▶ _Exercise requirements_: Could the records below please be retyped exactly, with their pictures left out?
== == ==
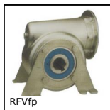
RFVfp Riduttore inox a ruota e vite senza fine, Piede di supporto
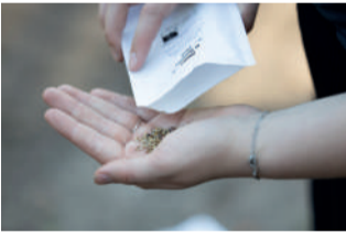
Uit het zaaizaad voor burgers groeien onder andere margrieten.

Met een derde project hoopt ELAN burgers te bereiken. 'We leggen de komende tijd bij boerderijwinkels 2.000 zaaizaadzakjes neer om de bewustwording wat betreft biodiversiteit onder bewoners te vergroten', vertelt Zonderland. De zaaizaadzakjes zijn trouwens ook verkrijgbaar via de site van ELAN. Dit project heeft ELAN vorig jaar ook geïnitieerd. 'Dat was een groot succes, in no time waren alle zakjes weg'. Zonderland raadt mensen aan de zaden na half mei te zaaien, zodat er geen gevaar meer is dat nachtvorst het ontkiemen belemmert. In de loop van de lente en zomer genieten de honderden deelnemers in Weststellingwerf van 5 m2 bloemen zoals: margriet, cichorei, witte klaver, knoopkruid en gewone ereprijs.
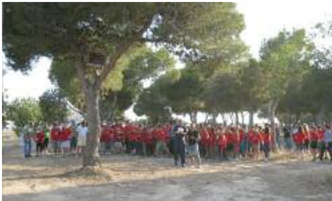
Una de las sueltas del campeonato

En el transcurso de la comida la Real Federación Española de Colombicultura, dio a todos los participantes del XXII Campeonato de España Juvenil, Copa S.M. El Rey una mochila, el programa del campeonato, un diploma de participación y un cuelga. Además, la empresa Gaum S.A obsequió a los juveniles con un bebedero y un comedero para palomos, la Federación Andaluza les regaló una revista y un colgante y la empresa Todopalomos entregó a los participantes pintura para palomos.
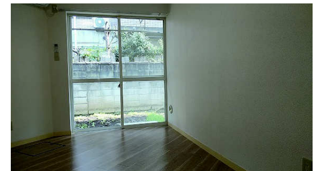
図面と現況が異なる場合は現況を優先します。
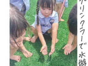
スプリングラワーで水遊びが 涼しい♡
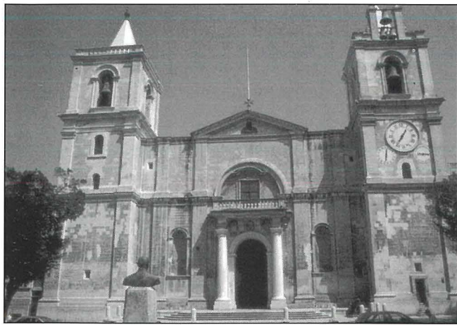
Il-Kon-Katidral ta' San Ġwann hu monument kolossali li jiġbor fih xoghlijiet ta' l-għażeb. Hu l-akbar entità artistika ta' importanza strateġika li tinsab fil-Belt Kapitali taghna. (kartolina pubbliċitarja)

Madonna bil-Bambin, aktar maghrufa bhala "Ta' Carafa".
== == ==
▶ _Reply_:
RFVfp Riduttore inox a ruota e vite senza fine, Piede di supporto
Uit het zaaizaad voor burgers groeien onder andere margrieten.

Met een derde project hoopt ELAN burgers te bereiken. 'We leggen de komende tijd bij boerderijwinkels 2.000 zaaizaadzakjes neer om de bewustwording wat betreft biodiversiteit onder bewoners te vergroten', vertelt Zonderland. De zaaizaadzakjes zijn trouwens ook verkrijgbaar via de site van ELAN. Dit project heeft ELAN vorig jaar ook geïnitieerd. 'Dat was een groot succes, in no time waren alle zakjes weg'. Zonderland raadt mensen aan de zaden na half mei te zaaien, zodat er geen gevaar meer is dat nachtvorst het ontkiemen belemmert. In de loop van de lente en zomer genieten de honderden deelnemers in Weststellingwerf van 5 m2 bloemen zoals: margriet, cichorei, witte klaver, knoopkruid en gewone ereprijs.
Una de las sueltas del campeonato

En el transcurso de la comida la Real Federación Española de Colombicultura, dio a todos los participantes del XXII Campeonato de España Juvenil, Copa S.M. El Rey una mochila, el programa del campeonato, un diploma de participación y un cuelga. Además, la empresa Gaum S.A obsequió a los juveniles con un bebedero y un comedero para palomos, la Federación Andaluza les regaló una revista y un colgante y la empresa Todopalomos entregó a los participantes pintura para palomos.
図面と現況が異なる場合は現況を優先します。
スプリングラワーで水遊びが 涼しい♡
Il-Kon-Katidral ta' San Ġwann hu monument kolossali li jiġbor fih xoghlijiet ta' l-għażeb. Hu l-akbar entità artistika ta' importanza strateġika li tinsab fil-Belt Kapitali taghna. (kartolina pubbliċitarja)

Madonna bil-Bambin, aktar maghrufa bhala "Ta' Carafa".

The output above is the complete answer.